The above core base of drawing lead of burn-oning is soaked the baking 2 hours in 100 ℃ baking oven of multiple back with the organic solution of acrylic acid copolymer ester, abundant dry out solvent, clad with powdered epoxy resin again, and baking fully solidified it in 2 hours in 120 ℃ baking oven, was high performance high molecular positive temperature coefficient thermal sensitive resistor through mark, check.Zero power resistance<10 Ωs of this resistor in the time of 25 ℃, extreme difference<30% that resistance appreciates after 20 surges
Embodiment 2:
High molecular polymer is a high density polyethylene (HDPE), and its volume content is 28% and LLDPE, and its volume content is 18%, and conductive filler is carbon black (particle diameter<100 a μ m) volume content 32%, and inorganic filler is Mg (OH)
2(particle diameter<50 μ m) volume content 18%, crosslinking agent is a vinyltrimethoxy silane, volume content 3.8%, peroxide is a cumyl peroxide, and catalyst is a dibutyl tin laurate, and both cumulative volume content are 0.2%, adopt the method for embodiment 1, can obtain similar result.
Embodiment 3:
High molecular polymer is a high density polyethylene (HDPE), and its volume content is 46%, and conductive filler is carbon black (particle diameter<100 a μ m) volume content 20%, Ni powder (particle diameter<50 μ m) volume content 8%, and inorganic filler is Al (OH)
3(particle diameter<50 μ m) volume content 20%, crosslinking agent is: vinyltriethoxysilane, volume content 5.8%, peroxide is a cumyl peroxide, and catalyst is a dibutyl tin laurate, and both cumulative volume content are 0.2%, all the other can obtain similar result with embodiment 1.
Embodiment 4:
High molecular polymer is a high density polyethylene (HDPE), and its volume content is 48%, and conductive filler is carbon black (particle diameter<50 a μ m) volume content 25%, graphite (particle diameter<50 μ m) volume content 10%, and inorganic filler is Mg (OH)

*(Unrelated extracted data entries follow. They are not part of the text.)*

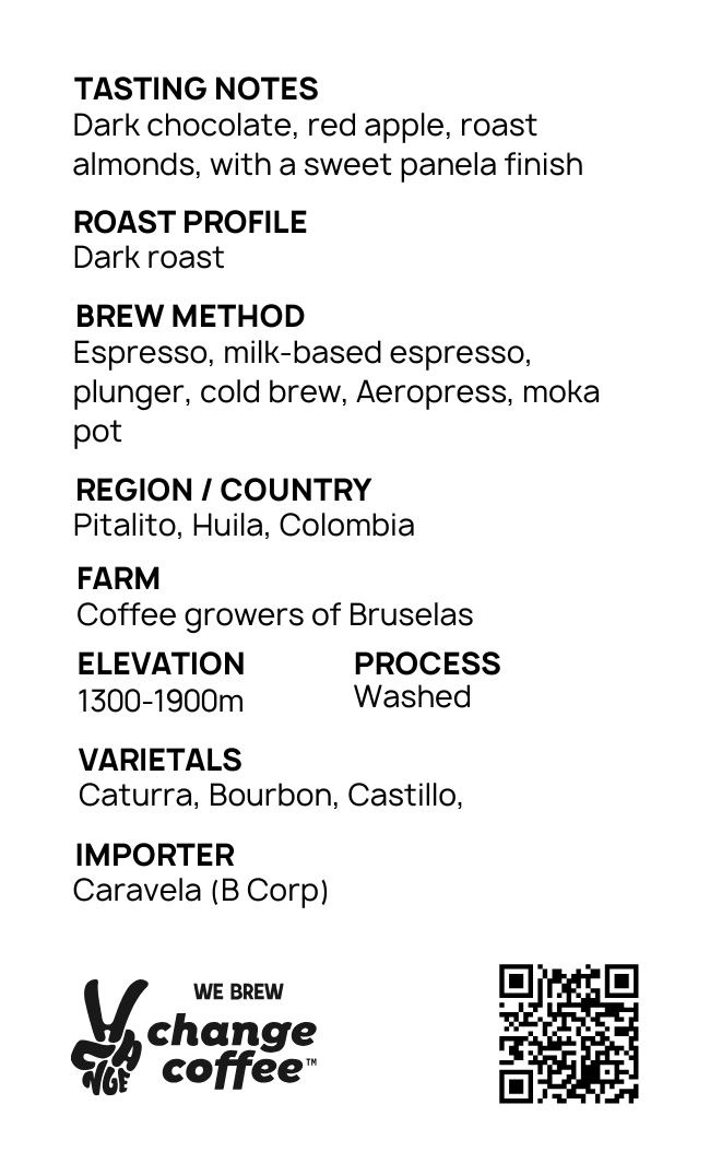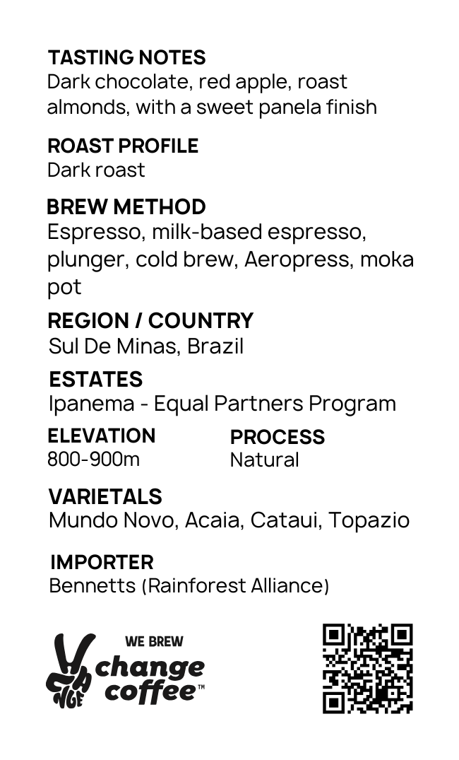 Perfect for any milk-based coffee or enjoyed dark. Smooth flavours of dark chocolate, red apple and roast almonds. It cuts milk beautifully, but it holds it’s own as a well-balanced full-bodied black coffee. Bronze medal winner at the Australian International Coffee Awards and Golden Bean Australasia 2024.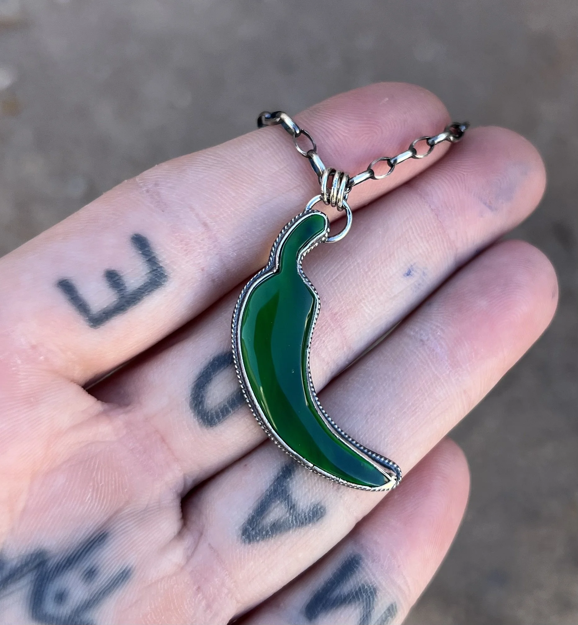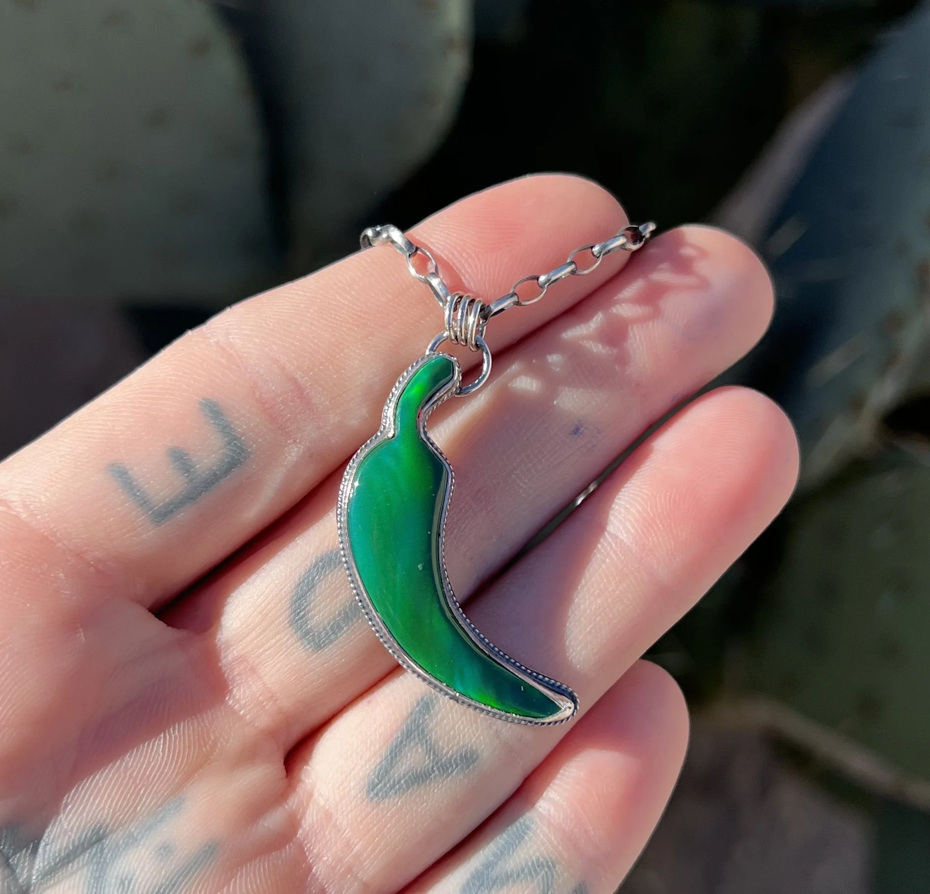 Hand crafted with sterling silver and aurora opal (lab crated opal). This banger includes an 18” sterling silver chain but can be worn at shorter lengths.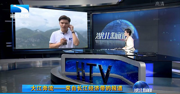 湖北廣播電視臺(tái)記者向昊在做連線直播。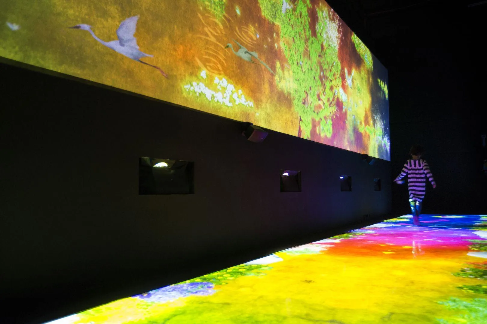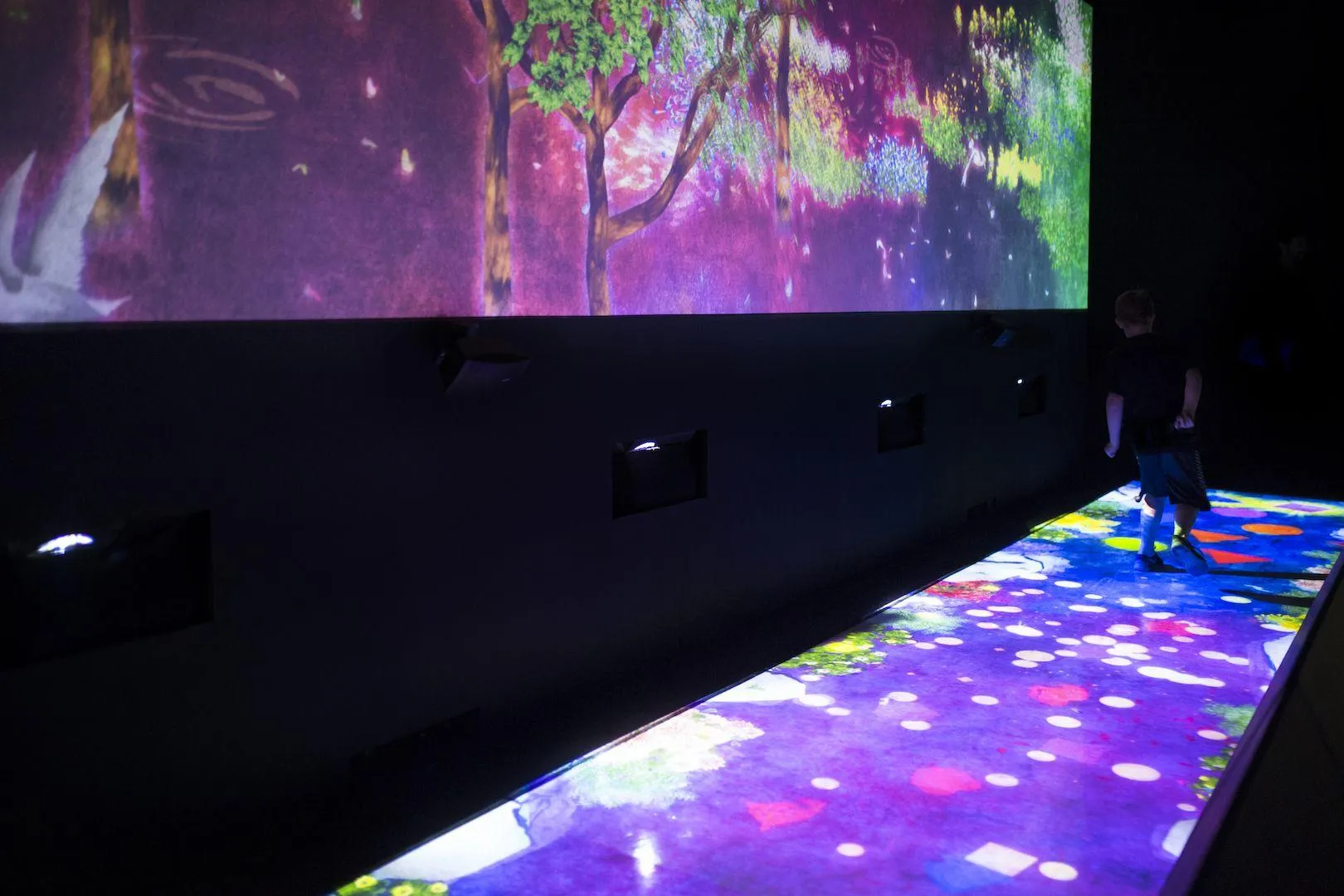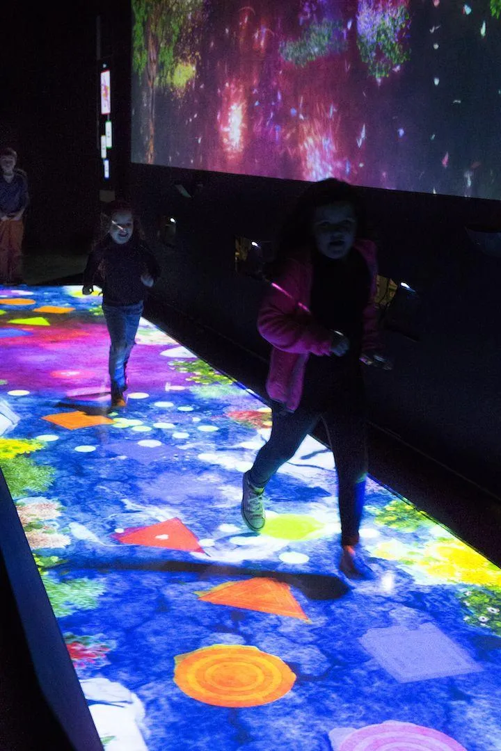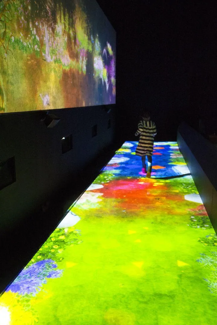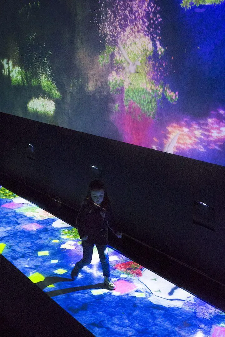 물에 떠있는 ○△□ 위를 뛰어다니면 소리가 나면서 지나간 길을 따라 공간이 변화합니다.

2(particle diameter<50 μ m) volume content 10%, CaCO
3(particle diameter<50 μ m) volume content 3%, crosslinking agent is a vinyltriethoxysilane, volume content 3.8%, peroxide is a cumyl peroxide, and catalyst is a dibutyl tin laurate, and the two volume content is 0.2%, all the other can obtain similar result with embodiment 1.
Embodiment 5~7:
Except embodiment 5 usefulness aluminium powders (particle diameter<50 μ m); Embodiment 6 usefulness copper powders (particle diameter<50 μ m); Embodiment 7 usefulness silver powder (particle diameter<50 μ m), their volume content are 5% to substitute graphite and use CaCO
3(particle diameter<50 μ m) is beyond 8%, adopts prescription and the method for embodiment 4, obtains similar result.